Brief:
Print the records below exactly as they appear. Omit all pictures.

Available records:
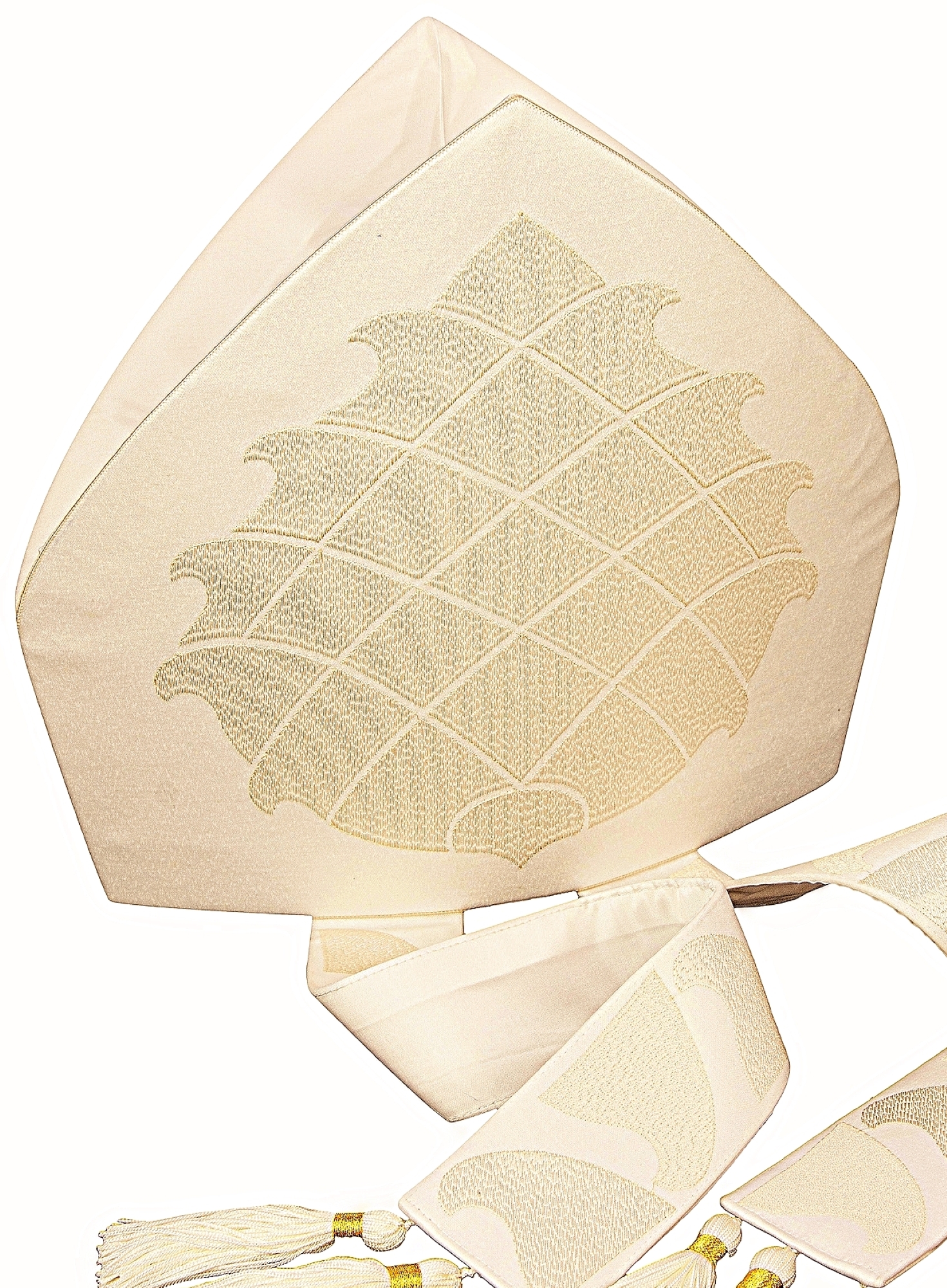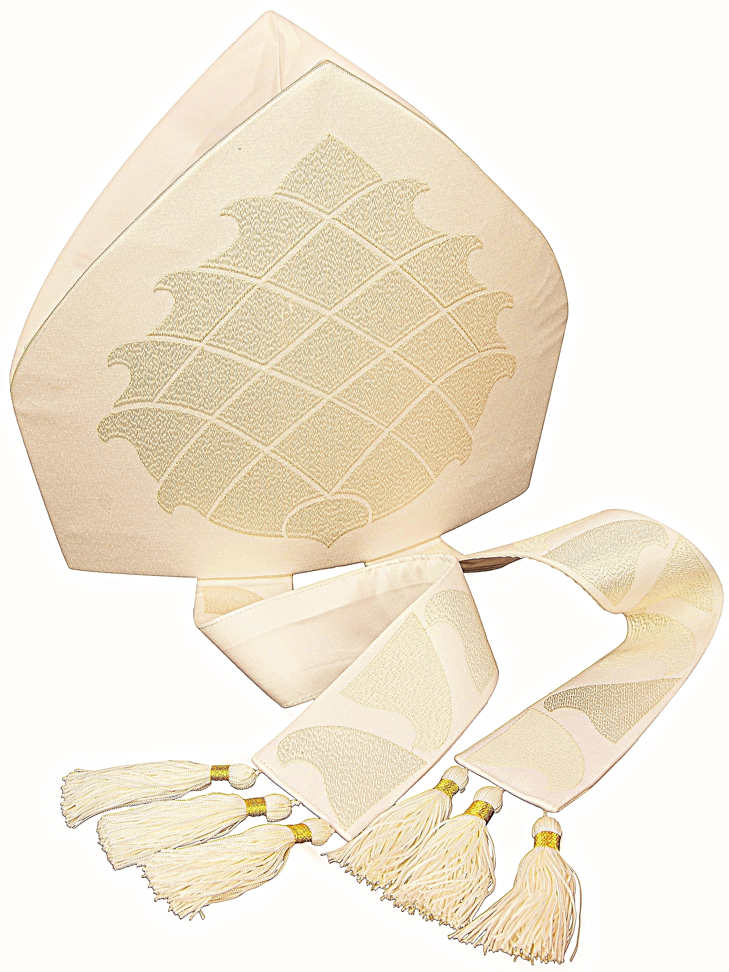 mitre classique de forme traditionnelle en satin de polyester blanc.
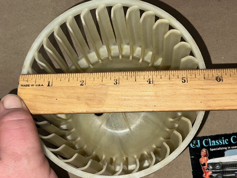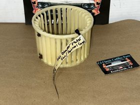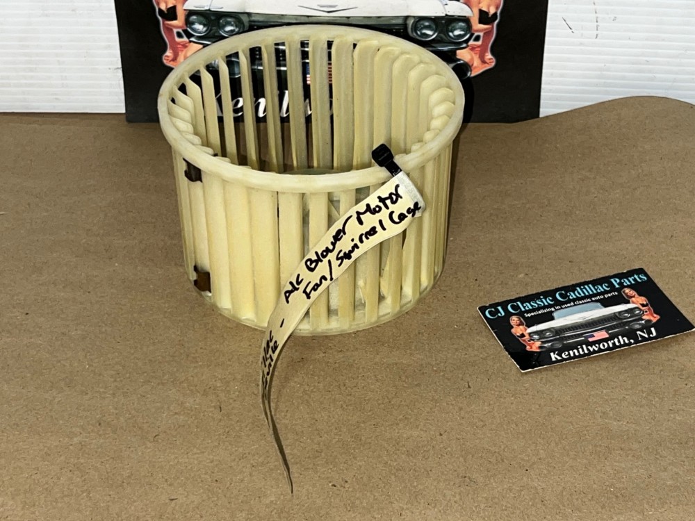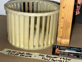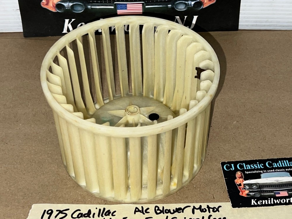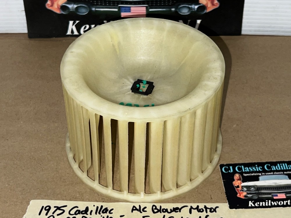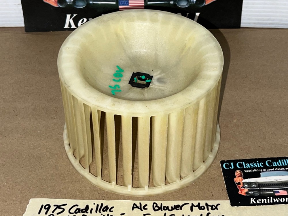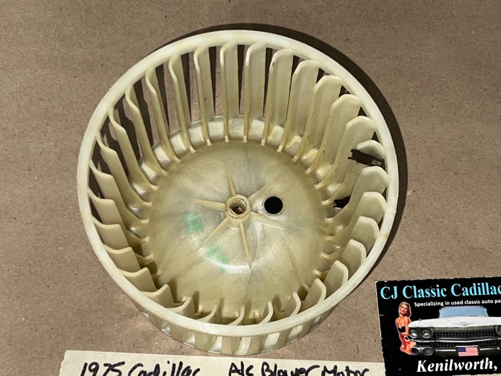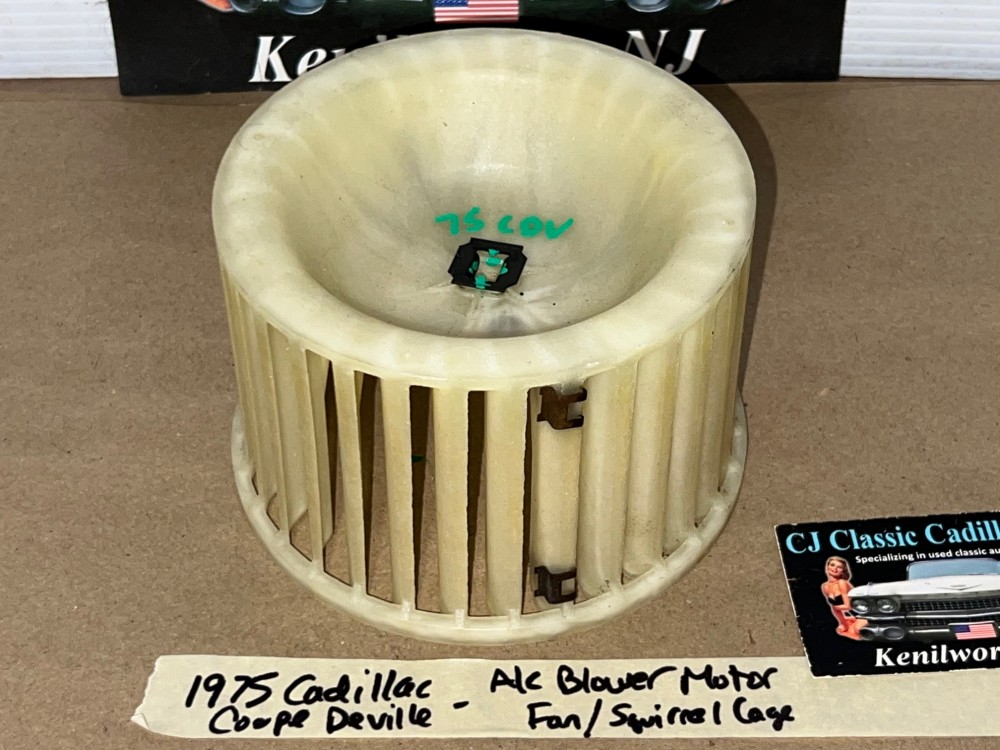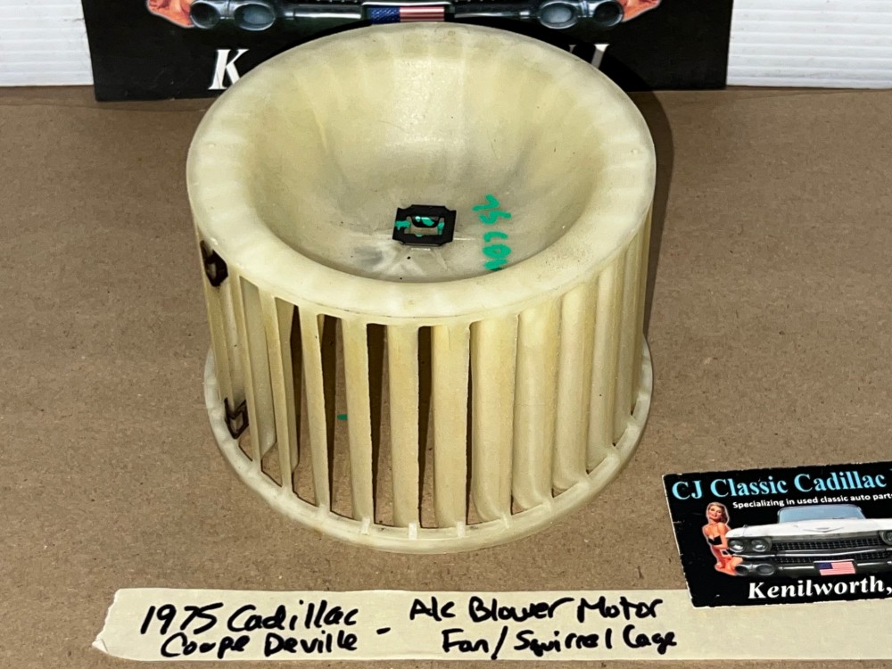 This OEM blower motor squirrel cage is in excellent condition. All plastic fins are intact, no cracks. Comes with the metal adapter as pictured, which is necessary to use when transferring to new blower motor. Please view all pictures as they are a part of the description. This was removed from a 1975 Cadillac Deville, but may fit other vehicles listed in compatibility chart; fitment verified by Cadillac Master Parts List 9.216; please do your own research to make sure it will fit, as we do not offer refunds if it does not fit your vehicle.
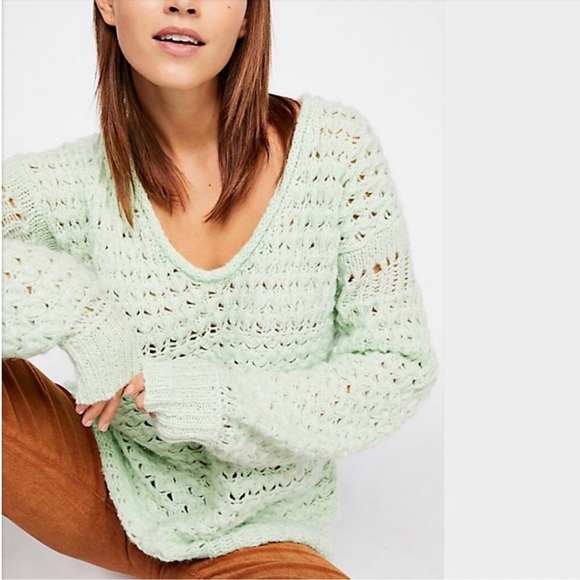 - Women >Sweaters >V-Necks > Free People Crashing Waves Mixed Knitting Wool Blend Sweater Womens Medium
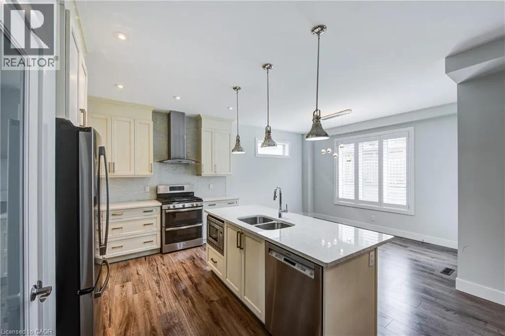 Commissioners Rd E and Sheffield Blvd Welcome to this modern, energy-efficient, freshly painted, and move-in-ready home tucked away on a quiet, family-friendly street. With a sleek gray stone and brick exterior, a striking black front door, and a double-car garage, this home seamlessly blends contemporary style with everyday functionality. Inside, you're greeted by a bright, open-concept layout with an impressive floating staircase, designed for both comfort and entertaining. The front powder room is perfectly positioned for guests, while the spacious living area features a fireplace for cozy evenings. The kitchen is a true highlight featuring beautiful quartz countertops, a center island which house an under-the-counter microwave to maximize workspace, and a generous eat-in dining area leading outside to enjoy your walk-out deck, ideal for outdoor dining or morning coffee, and a gazebo nestled at the back of the lush lawn; your private escape after a long day. The entire home is carpet-free and upgraded with California shutters on the main floor for a clean, elegant finish. Convenient garage entry is located through the main floor laundry room, adding ease to your daily routine. Upstairs, you'll find three large bedrooms, including a serene primary suite with a glass walk-in shower, soaker tub, and double sinks for a spa-like experience. The second full bathroom is a functional Jack and Jill design, perfect for busy family mornings. Downstairs, the fully finished basement offers incredible flexibility. It includes a spacious fourth bedroom with large windows and natural light, a barn door to separate the oversized bedroom from the cozy rec room, and ample space for guests, in-laws, or a potential rental suite. This home combines modern upgrades, thoughtful design, and family-friendly features in one exceptional package. Don't miss your chance to make it yours. This House is Virtually Staged. (id:27476)
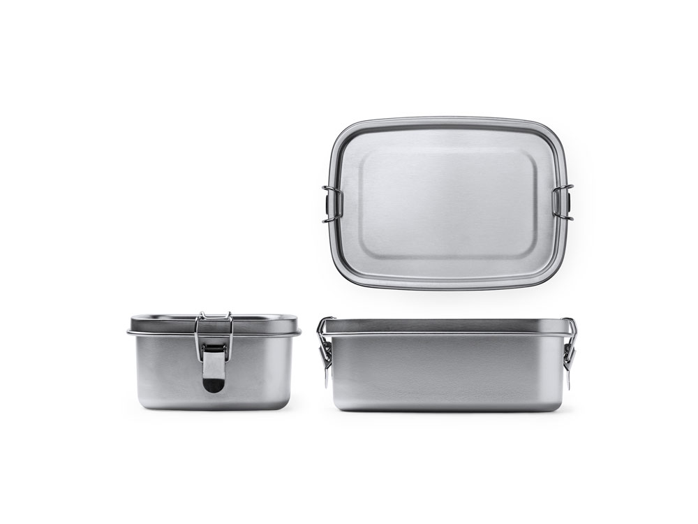 Ланч-бокс из нержавеющей стали 304 с системой закрытия с помощью боковых пряжек. Большая вместимость 1,2 литра для хранения продуктов.
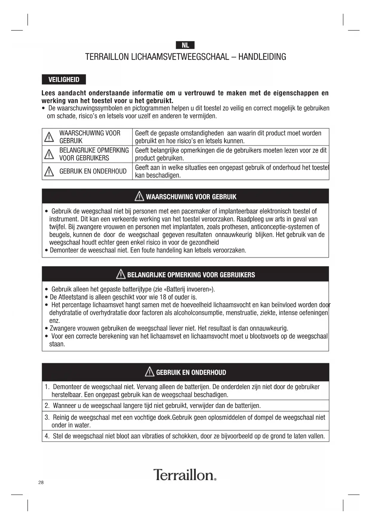 - Gebruik de weegschaal niet bij personen met een pacemaker of implanteerbaar elektronisch toestel of instrument. Dit kan een verkeerde werking van het toestel veroorzaken. Raadpleeg uw arts in geval van twijfel. Bij zwangere vrouwen en personen met implantaten, zoals prothesen, anticonceptie-systemen of beugels, kunnen de door de weegschaal gegeven resultaten onnauwkeurig blijken. Het gebruik van de weegschaal houdt echter geen enkel risico in voor de gezondheid

Exercise answer:
 mitre classique de forme traditionnelle en satin de polyester blanc.
 This OEM blower motor squirrel cage is in excellent condition. All plastic fins are intact, no cracks. Comes with the metal adapter as pictured, which is necessary to use when transferring to new blower motor. Please view all pictures as they are a part of the description. This was removed from a 1975 Cadillac Deville, but may fit other vehicles listed in compatibility chart; fitment verified by Cadillac Master Parts List 9.216; please do your own research to make sure it will fit, as we do not offer refunds if it does not fit your vehicle.
 - Women >Sweaters >V-Necks > Free People Crashing Waves Mixed Knitting Wool Blend Sweater Womens Medium
 Commissioners Rd E and Sheffield Blvd Welcome to this modern, energy-efficient, freshly painted, and move-in-ready home tucked away on a quiet, family-friendly street. With a sleek gray stone and brick exterior, a striking black front door, and a double-car garage, this home seamlessly blends contemporary style with everyday functionality. Inside, you're greeted by a bright, open-concept layout with an impressive floating staircase, designed for both comfort and entertaining. The front powder room is perfectly positioned for guests, while the spacious living area features a fireplace for cozy evenings. The kitchen is a true highlight featuring beautiful quartz countertops, a center island which house an under-the-counter microwave to maximize workspace, and a generous eat-in dining area leading outside to enjoy your walk-out deck, ideal for outdoor dining or morning coffee, and a gazebo nestled at the back of the lush lawn; your private escape after a long day. The entire home is carpet-free and upgraded with California shutters on the main floor for a clean, elegant finish. Convenient garage entry is located through the main floor laundry room, adding ease to your daily routine. Upstairs, you'll find three large bedrooms, including a serene primary suite with a glass walk-in shower, soaker tub, and double sinks for a spa-like experience. The second full bathroom is a functional Jack and Jill design, perfect for busy family mornings. Downstairs, the fully finished basement offers incredible flexibility. It includes a spacious fourth bedroom with large windows and natural light, a barn door to separate the oversized bedroom from the cozy rec room, and ample space for guests, in-laws, or a potential rental suite. This home combines modern upgrades, thoughtful design, and family-friendly features in one exceptional package. Don't miss your chance to make it yours. This House is Virtually Staged. (id:27476)
 Ланч-бокс из нержавеющей стали 304 с системой закрытия с помощью боковых пряжек. Большая вместимость 1,2 литра для хранения продуктов.
 - Gebruik de weegschaal niet bij personen met een pacemaker of implanteerbaar elektronisch toestel of instrument. Dit kan een verkeerde werking van het toestel veroorzaken. Raadpleeg uw arts in geval van twijfel. Bij zwangere vrouwen en personen met implantaten, zoals prothesen, anticonceptie-systemen of beugels, kunnen de door de weegschaal gegeven resultaten onnauwkeurig blijken. Het gebruik van de weegschaal houdt echter geen enkel risico in voor de gezondheid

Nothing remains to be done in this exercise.